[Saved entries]
^^^^
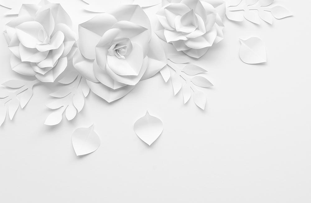 • Beyaz Zemin Üzerinde Kabartma 3D Çiçekler Duvar Kağıdı 3 boyutlu şekilde satın alın!
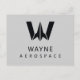 Check out the Wayne Aerospace company logo from the Justice League movie. This logo features a giant W in a simplified form of a flying vehicle, while "Wayne Aerospace" is written below.
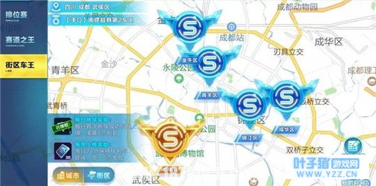 在街区界面中,车手会看到自己所在的城市地图,并且在地图上能够看到可挑战的赛场及附近车手。
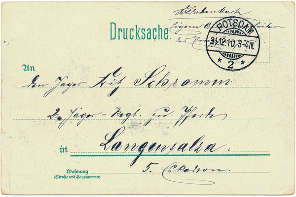 Text auf der Karte: Gruss aus der Kaserne des Leib-Garde-Husaren-Regiments Potsdam, Künstlerkarte sign. Karl Granck (5.6.[18]97) Entstehungszeit der Karte: gestempelt Potsdam 31.121910 Straße und Hausnummer: Neue Königstraße Kartenart: Ansichtskarte Kartentechnik: Farblitho Verlag: Kunstanstalt J. Miesler, Berlin S. Gelaufen/ungelaufen: gelaufen Zustand (I=sehr gut bis V=mangelhaft): I Häufigkeit (h=häufig bis rrr=sehr selten): r Heutige(r) Straßenname(n): Berliner Straße Kommentar: Die Kaserne an der Berliner Straße 27 wurde 1839 bis 1842 durch Johann Georg Carl Hampel unter Beteiligung von Karl Friedrich Schinkel und Ludwig Persius als lang gestreckter, sparsam gegliederter Komplex im "normannischen Stil" mit aufgesetztem Zinnenkranz erbaut. Die Eckrisalite wurden als gedrungene Wehrtürme gestaltet. Die Bauherren waren König Friedrich Wilhelm III. und König Friedrich Wilhelm IV. 1886/1887 erhielt die Kaserne eine eigene Offizierspeiseanstalt (Kasino). Die Kaserne wurde bis 1919 vom Leib-Garde-Husaren-Regiment, danach von der Reichswehr bzw. der Wehrmacht genutzt. Nach 1945 waren zunächst sowjetische Truppen, dann Einheiten der Nationalen Volksarmee in der Kaserne stationiert. Seit Ende 1990 befindet sich das Kreiswehrersatzamt der Bundeswehr in der Kaserne. Der zur Kaserne gehörige Komplex der Reitställe und Reitbahnen (1822 von Schinkel angelegt) ist durch den Bau der Zufahrt zur Haumboldt-Brücke weitgehend zerstört worden. Die erhaltenen Stallgebäude werden heute zivil genutzt. (Quelle: Wernicke, Thomas; Götzmann, Jutta; Winkler, Kurt (Herausgeber) Potsdam Lexikon Stadtgeschichte von A bis Z, Berlin, 2010, Seite 223)
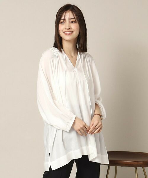 春先に一枚でさらりと着たいスキッパーブラウス。
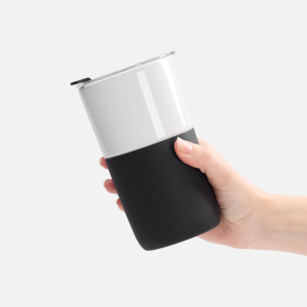 каменная керамика; рукав - силикон; крышка - пластик, полистирол
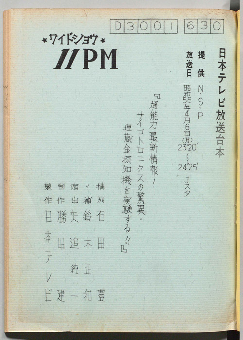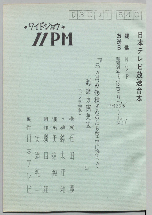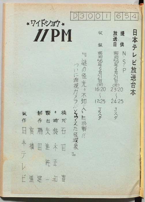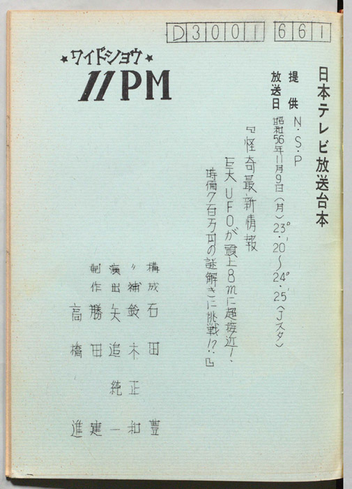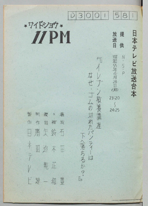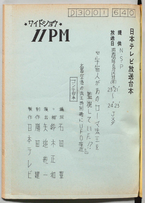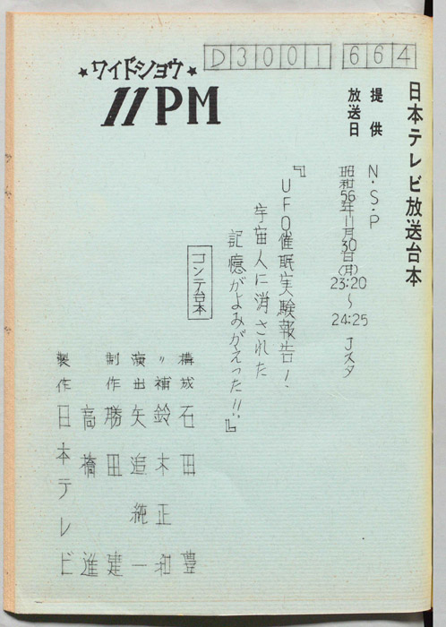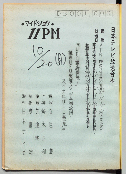 主な出演 : 大橋巨泉,松岡きっこ,石田豊,平沢正博,加藤春生,矢追純一,木下裕子,久里洋二,杉原淳とニューサラブレッズ
^^^^
* **Your task**: Pictures are to be left out, and the lines from the beginning of the records through the line with "在街区界面中,车手会看到自己" are to be printed exactly, with nothing added.

* **Response box**:
 • Beyaz Zemin Üzerinde Kabartma 3D Çiçekler Duvar Kağıdı 3 boyutlu şekilde satın alın!
 Check out the Wayne Aerospace company logo from the Justice League movie. This logo features a giant W in a simplified form of a flying vehicle, while "Wayne Aerospace" is written below.
 在街区界面中,车手会看到自己所在的城市地图,并且在地图上能够看到可挑战的赛场及附近车手。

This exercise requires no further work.